Thanks to MCTC, seven more grads climbing up in the world…of work | MCTC

Thanks to MCTC, seven more grads climbing up in the world…of work

August 17, 2020
by Keith Kappes

 

Clayton Jamison of Augusta, Blake Hiller of Campbell County and five other residents of the region now have upward mobility in the world of work, thanks to completing their training in the line worker program at the Licking Valley Campus of Maysville Community and Technical College. 

“I’m really pleased with what I learned during those 10 weeks and I’m ready to start a good job,” said the 19-year-old Jamison. “This is a great program and I’m glad I made the investment.” 

Echoing those positive assessments was Blake Hiller, also 19, who described the training as “mainly serious but fun at times” while learning to work safely in a hazardous environment with his classmates. 

“Going up and down those poles every day really improved my physical stamina as I concentrated on the personal skills required by a professional line worker,” Hiller said. "I highly recommend this program to anyone looking for an important, good paying job.” 

Also completing the certificate program were Jake Carmack, Tyler Clary, Cody Moore, Dalton Riggs and Nathan York. 

Line worker training, still commonly called “lineman” training, has been offered at MCTC’s Rowan Campus for five years. It was expanded to LVC in Cynthiana this past school year with a generous grant from the R. C. Durr Foundation. 

Four of the seven graduates secured jobs within two weeks of completing the program late last month, according to Lenora Kinney, MCTC workforce solutions coordinator at LVC and a key figure in starting the new program. 

“A friend of the College let us establish our pole yard on his property and I spent several nights burning brush as we cleared the land for the 15 poles used by the students,” she recalls. “We realize this is a valuable program with a bright future and we’re proud of it.” 

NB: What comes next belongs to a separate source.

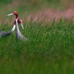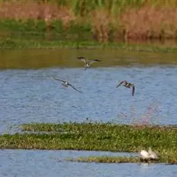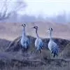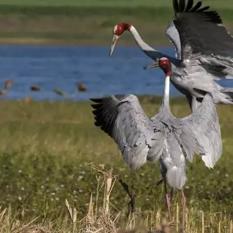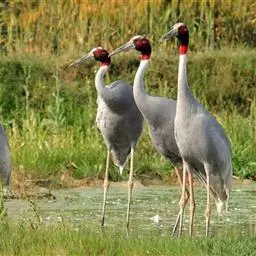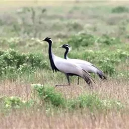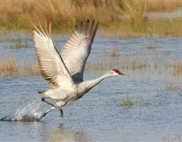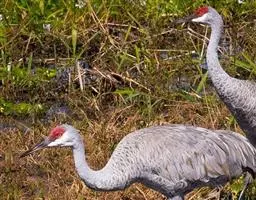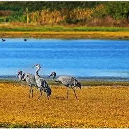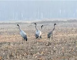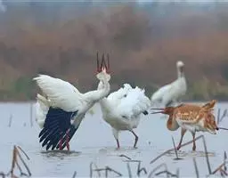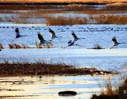 灰鹤 栖息于开阔平原、草地、沼泽、河滩、旷野、湖泊以及农田地带;其中尤为喜欢以富有水边植物的开阔湖泊和沼泽地带。常栖息于沼泽草甸,沼泽中多草丘和水洼地,水生植物有水麦冬、水毛茛和薹草等20多种;在中国黑龙江省林甸县灰鹤栖息在芦苇沼泽,有芦苇、狭叶甜茅、菰、小猩藻等植物;在迁徙途中的停歇地和越冬地,主要栖息在河流、湖泊、水库或海岸附近,常到农田中觅食,回到河漫滩、沼泽地或海滩夜宿,例如,在山西省河津县黄河滩越冬的灰鹤,白天主要在作物地中觅食休息,以花生地中最多,夜间在距河岸1-2千米处四面环水的沙滩或荒草丛生的小岛上过夜,但从未见到灰鹤在耕地内集群过夜。

The students at LVC are instructed by Devin Stephens, project coordinator for the line worker program. He has nearly six years of experience as a line worker with a utilities contractor. 

“I’m proud of these men for their achievement in spite of a two-month interruption because of the pandemic,” said Stephens. “All seven came back to the program and finished their requirements.” 

He noted that the 90-minute competition of line worker skills, sort of a graduation ceremony, was accomplished safely during a rainstorm. 

A line worker in Kentucky, on average, earns a starting wage between $35,000 and $40,000. Most are employed in the power transmission and telecommunications industries. Utility contractors often provide line workers to these companies in emergency situations. 

The program on the two MCTC campuses has a required fee of $5,000 and includes additional training in workplace safety, first aid and CPR, preparation for Class A commercial driver’s license examination, as well as for a drone pilot’s license.